● **What you will do**
Print, from the listing below, the lines starting at the line containing "Poppy’s Place (sleeping" and ending at the line containing "Poster Asas Anjos", exactly as they stand, and print nothing else.

● **Supplied material**
== Segment start ==

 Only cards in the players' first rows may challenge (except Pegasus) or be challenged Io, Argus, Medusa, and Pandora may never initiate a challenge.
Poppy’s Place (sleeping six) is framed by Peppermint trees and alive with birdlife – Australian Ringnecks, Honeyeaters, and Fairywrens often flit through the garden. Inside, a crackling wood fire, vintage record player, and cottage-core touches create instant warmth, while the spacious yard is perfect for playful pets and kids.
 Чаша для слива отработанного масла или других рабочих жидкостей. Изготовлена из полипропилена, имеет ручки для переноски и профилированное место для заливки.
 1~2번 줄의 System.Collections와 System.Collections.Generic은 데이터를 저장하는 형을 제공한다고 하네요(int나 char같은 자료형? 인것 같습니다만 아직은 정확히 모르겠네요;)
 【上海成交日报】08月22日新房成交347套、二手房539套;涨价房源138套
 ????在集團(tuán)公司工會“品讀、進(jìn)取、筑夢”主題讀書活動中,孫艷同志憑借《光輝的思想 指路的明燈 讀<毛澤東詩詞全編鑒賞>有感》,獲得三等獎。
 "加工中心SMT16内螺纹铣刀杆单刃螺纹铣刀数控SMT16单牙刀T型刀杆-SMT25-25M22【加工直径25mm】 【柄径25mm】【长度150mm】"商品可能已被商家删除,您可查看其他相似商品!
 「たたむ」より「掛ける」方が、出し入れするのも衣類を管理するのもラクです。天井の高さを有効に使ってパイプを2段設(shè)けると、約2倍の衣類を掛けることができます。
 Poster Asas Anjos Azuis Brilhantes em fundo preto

== Segment end ==
== Segment start ==

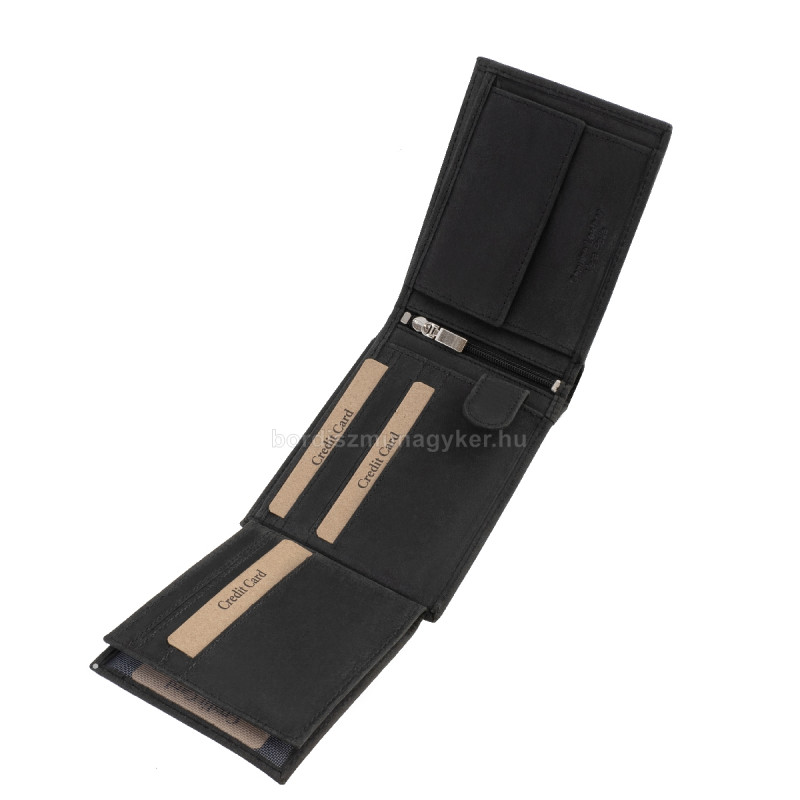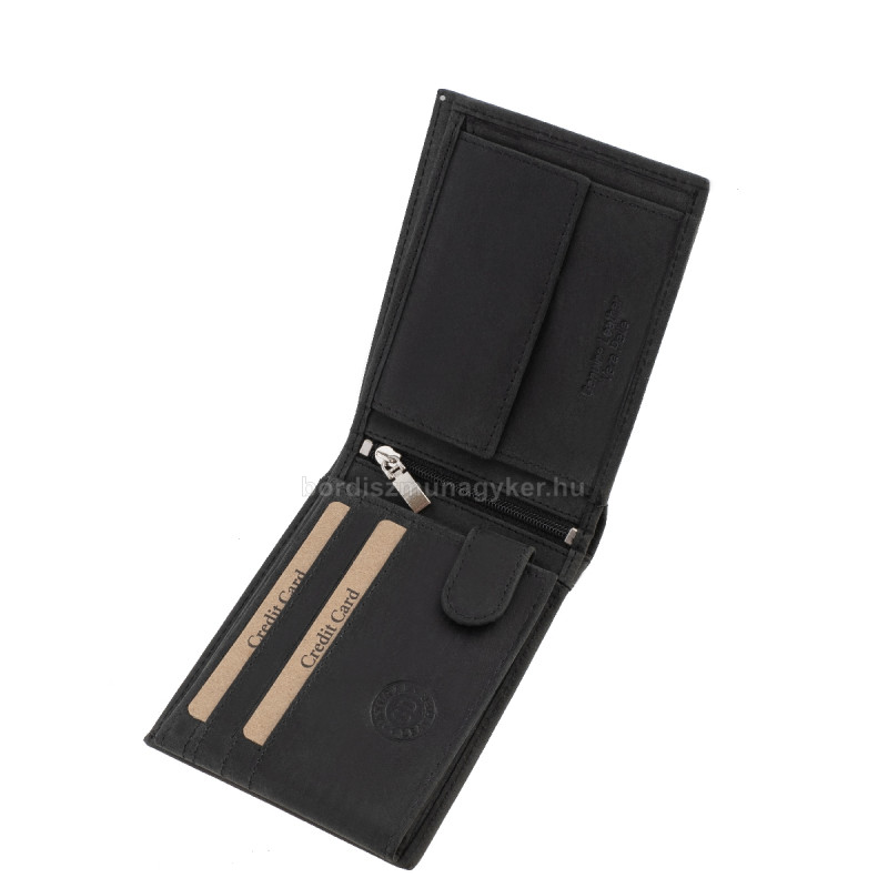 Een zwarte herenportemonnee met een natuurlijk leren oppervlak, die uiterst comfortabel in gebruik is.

== Segment end ==

● **Answer section**
Poppy’s Place (sleeping six) is framed by Peppermint trees and alive with birdlife – Australian Ringnecks, Honeyeaters, and Fairywrens often flit through the garden. Inside, a crackling wood fire, vintage record player, and cottage-core touches create instant warmth, while the spacious yard is perfect for playful pets and kids.
 Чаша для слива отработанного масла или других рабочих жидкостей. Изготовлена из полипропилена, имеет ручки для переноски и профилированное место для заливки.
 1~2번 줄의 System.Collections와 System.Collections.Generic은 데이터를 저장하는 형을 제공한다고 하네요(int나 char같은 자료형? 인것 같습니다만 아직은 정확히 모르겠네요;)
 【上海成交日报】08月22日新房成交347套、二手房539套;涨价房源138套
 ????在集團(tuán)公司工會“品讀、進(jìn)取、筑夢”主題讀書活動中,孫艷同志憑借《光輝的思想 指路的明燈 讀<毛澤東詩詞全編鑒賞>有感》,獲得三等獎。
 "加工中心SMT16内螺纹铣刀杆单刃螺纹铣刀数控SMT16单牙刀T型刀杆-SMT25-25M22【加工直径25mm】 【柄径25mm】【长度150mm】"商品可能已被商家删除,您可查看其他相似商品!
 「たたむ」より「掛ける」方が、出し入れするのも衣類を管理するのもラクです。天井の高さを有効に使ってパイプを2段設(shè)けると、約2倍の衣類を掛けることができます。
 Poster Asas Anjos Azuis Brilhantes em fundo preto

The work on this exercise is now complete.